Dealing with Recurring Issues Without Losing Your Mind

This guide is for when your Rackspace cluster acts up (again). Skip the theory, here are the fixes that actually work.


Table of Contents

  1. Quick Reference Commands
  2. Quick Fixes: The Greatest Hits
  3. The "Oh Sh*t" Checklist
  4. Common Recurring Issues
  5. Automated Health Checks
  6. Nuclear Options
  7. Prevention & Monitoring

Quick Reference Commands

Copy & paste these when sh*t hits the fan.

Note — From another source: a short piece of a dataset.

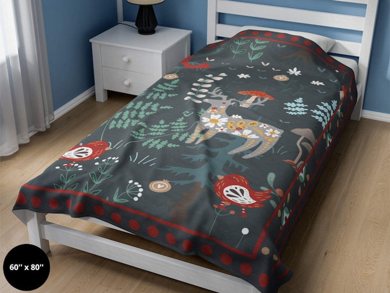FUNSTUFFPRINT Scandinavian Folk Art Throw Blanket| Woodland Animals| Swedish Norwegian Folk Art Blanket |Norwegian Christmas Blanket| Nordic Home Decor

No explanations, just fixes.

Connection Issues

# Fix expired token / can't connect
unset KUBECONFIG
cp fresh-kubeconfig.yaml ~/.kube/config
chmod 600 ~/.kube/config
kubectl get nodes

# Switch to OIDC (auto-refreshing tokens)
kubectl config use-context jmp_agentics-devpods-1-oidc

Pod Issues

# Force delete stuck pod
kubectl delete pod <pod-name> -n <namespace> --force --grace-period=0

# Delete all non-running pods in a namespace
kubectl delete pods --all -n <namespace> --force --grace-period=0

# Find all problematic pods
kubectl get pods -A | grep -v "Running\|Completed"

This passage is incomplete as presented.